Geometric regularization of autoencoders via observed stochastic dynamics

Stochastic dynamical systems with slow or metastable behavior evolve, on long time scales, on an unknown low-dimensional manifold in high-dimensional ambient space. Building a reduced simulator from short-burst ambient ensembles is a long-standing problem: local-chart methods like ATLAS suffer from exponential landmark scaling and per-step reprojection, while autoencoder alternatives leave tangent-bundle geometry poorly constrained, and the errors propagate into the learned drift and diffusion.
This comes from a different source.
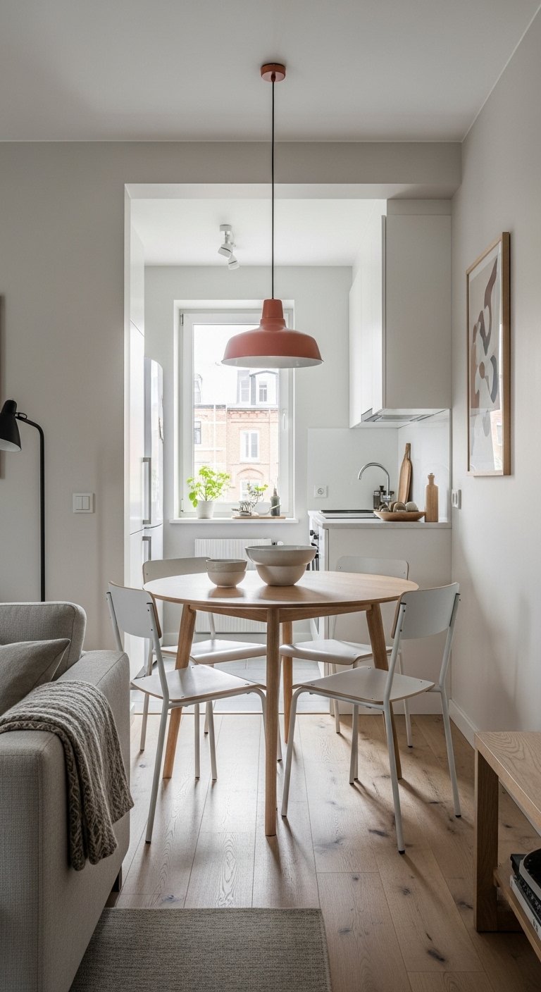 A small dining nook can act as a gentle bridge in your open kitchen living room layout. Place a round table between the kitchen and living area to connect both spaces. Round shapes work best because they allow easy movement around them.Choose light wood or white finishes to keep the space bright. Pair the table with slim chairs or even a built-in bench along the wall to save space. Add a soft cushion or textured fabric to make it cozy.Use a simple pendant light above the table to anchor the nook visually. Keep decor minimal, like a small vase or bowl. This setup gives you a functional dining space while naturally linking both areas together in a smooth and practical way.

We observe that the ambient covariance~$Λ$ already encodes coordinate-invariant tangent-space information, its range spanning the tangent bundle. Using this, we construct a tangent-bundle penalty and an inverse-consistency penalty for a three-stage pipeline (chart learning, latent drift, latent diffusion) that learns a single nonlinear chart and the latent SDE. The penalties induce a function-space metric, the $ρ$-metric, strictly weaker than the Sobolev $H^1$ norm yet achieving the same chart-quality generalization rate up to logarithmic factors. For the drift, we derive an encoder-pullback target via Itô's formula on the learned encoder and prove a bias decomposition showing the standard decoder-side formula carries systematic error for any imperfect chart. Under a $W^{2,\infty}$ chart-convergence assumption, chart-level error propagates controllably to weak convergence of the ambient dynamics and to convergence of radial mean first-passage times. Experiments on four surfaces embedded in up to $201$ ambient dimensions reduce radial MFPT error by $50$--$70\%$ under rotation dynamics and achieve the lowest inter-well MFPT error on most surface--transition pairs under metastable Müller--Brown Langevin dynamics, while reducing end-to-end ambient coefficient errors by up to an order of magnitude relative to an unregularized autoencoder.

翻译：具有慢变或亚稳态行为的随机动力系统在长时间尺度上，会在高维环境空间中一个未知的低维流形上演化。从短时环境系综构建约化模拟器是一个长期存在的问题：像ATLAS这样的局部图方法面临指数级地标缩放和每步重投影问题，而自编码器替代方案对切丛几何约束不足，且误差会传播到学习的漂移和扩散项中。我们观察到环境协方差矩阵Λ已编码了坐标不变的切空间信息，其值域张成了切丛。基于此，我们为三阶段流程（图学习、潜漂移、潜扩散）构建了切丛惩罚项和逆一致性惩罚项，从而学习单个非线性图和潜SDE。这些惩罚项诱导出一个函数空间度量（ρ-度量），其严格弱于Sobolev H¹范数，但在对数因子范围内实现了相同的图质量泛化率。对于漂移项，我们通过在学习编码器上应用伊藤公式推导出编码器拉回目标，并证明了偏差分解，表明标准解码器侧公式对于任何不完美图都存在系统性误差。在W^{2,∞}图收敛假设下，图级误差可控地传播到环境动力学的弱收敛和径向平均首达时间的收敛。在嵌入高达201维环境空间的四个曲面上的实验中，旋转动力学下的径向MFPT误差降低了50%-70%，且在亚稳态Müller-Brown Langevin动力学下，大多数曲面-转移对的井间MFPT误差达到最低；同时，相对于未正则化的自编码器，端到端环境系数误差降低了一个数量级。